Chapter 5

142 2 2
                                        

It started off with me having to kill any vampire who attacked us. It then escalated little by little. It grew from killing threats to taking the lives of innocents and torturing them. There was always one secret I kept from them and I'm glad I did. I always hated taking lives, but I did it out of what I thought was love, over what I thought was loyalty. At night, It always replayed in my head. Alec always told me that I was just being weak and that if I had enough love for him, it wouldn't bother me. Whenever we were intimate I always got criticized. He'd always tell me that even vampires who weren't his mate could please him more. Anything I could do to make him happy, I did. There were even times he forced me to seduce vampires they wanted to kill. I always felt so disgusting after. He'd tell me to grow up. All I really wanted was support. There were also many times were I found him cheating but I always just shook it off, saying that I didn't please him enough. That never stopped the pain though. I spent many nights in the woods where we met wanting to cry but of course I couldn't. While at the palace I was also subjected to getting bit by vampires. Its one of the most painful things ever.

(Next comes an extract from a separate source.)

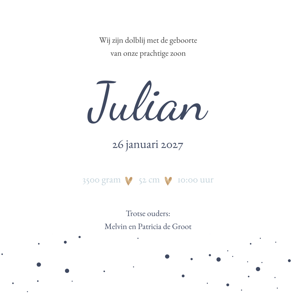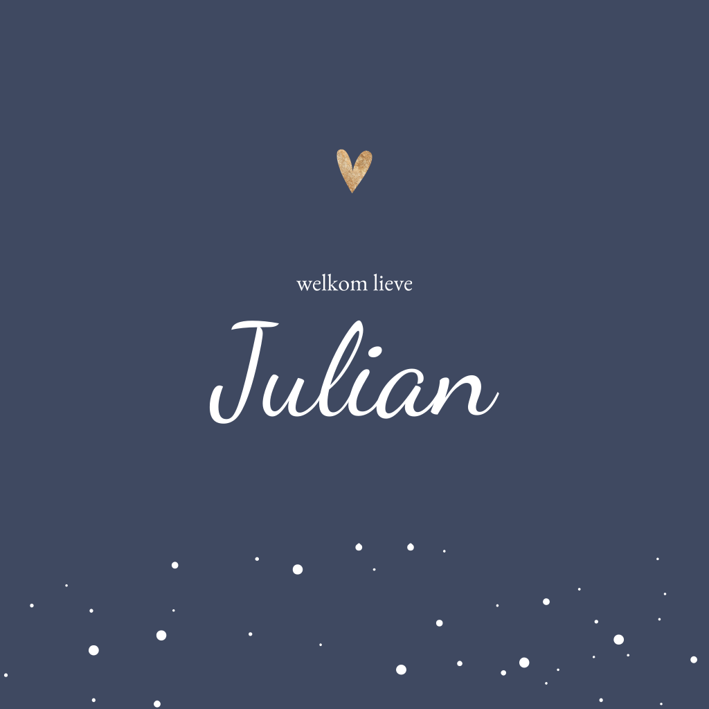 Vierkant geboortekaartje met blauwe achtergrond. De kaart heeft een rand met stipjes aan de onderzijde en heeft een goudkleurig hartje bovenaan de kaart. Met een speels lettertype plaats je de naam van je zoon voorop de kaart. In de ontwerptool pas je het kaartje helemaal naar wens aan. Je kunt de achtergrondkleur en lettertypes aanpassen.
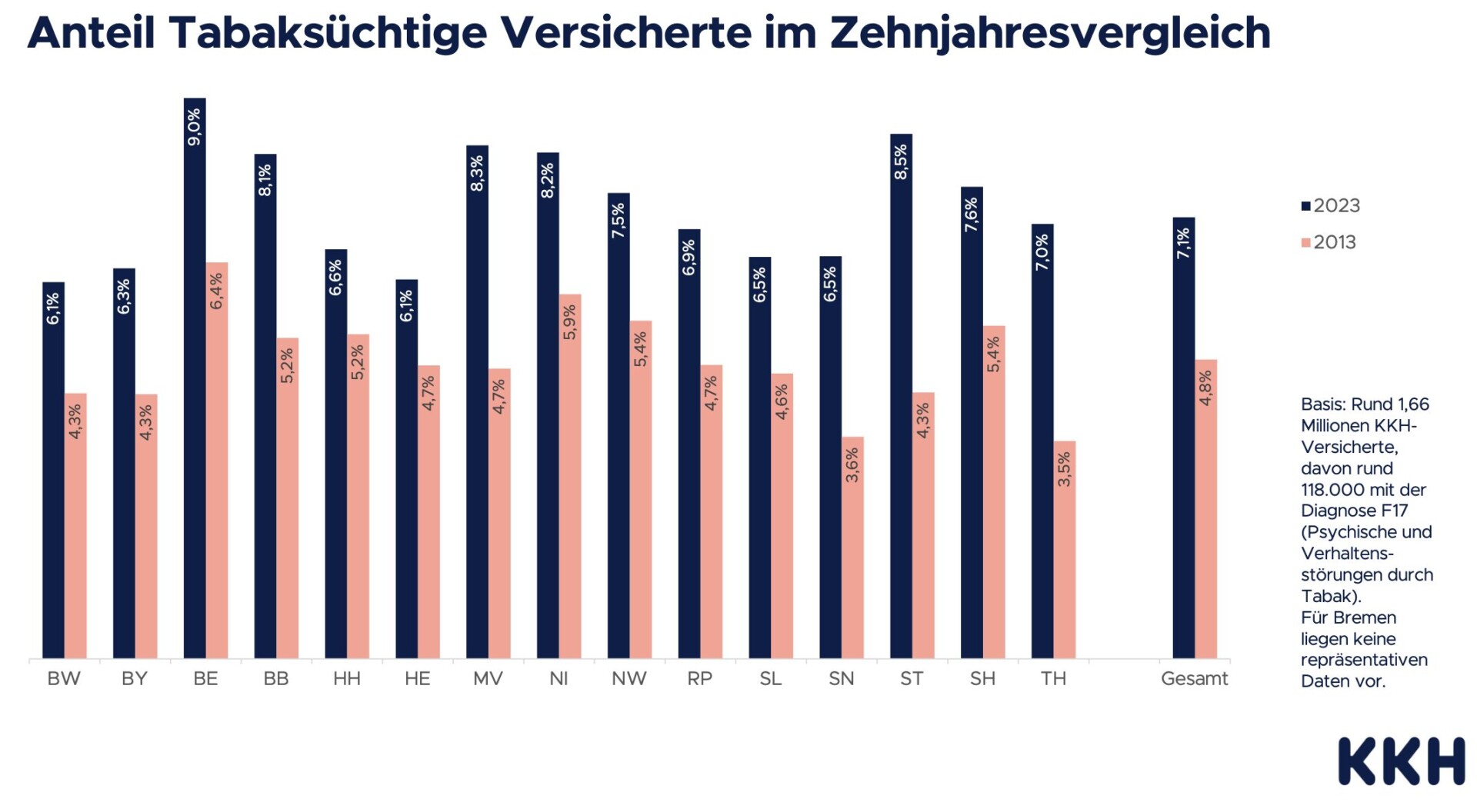 Am kritischsten ist die Lage in Thüringen: Dort stieg die Zahl der Tabaksüchtigen im Zehnjahresvergleich auf das Doppelte an (99,6 Prozent). Das geringste Plus verzeichnet die KKH hingegen mit rund 26 Prozent in Hamburg. Der Bundesdurchschnitt liegt bei 47,5 Prozent. Der größte Anteil an COPD-erkrankten Starkrauchern lebt wiederum im Saarland (26,1 Prozent im aktuellsten Auswertungsjahr 2023). Das deutschlandweite Mittel liegt bei 19,5 Prozent.

They'd all just laugh and smile though. After I got all the scars, Alec didn't want me at all. I tried everything to get his attention but it never worked. At this point, I was so desperate to earn his love that I'd do anything and they knew that. I was so weak and so broken. That's when they gave me the mission. I denied it for months but Alec convinced me. He kissed me and told me over and over again that he loved me. I never had that before so I did it. I finally thought I gained his love but I was so wrong.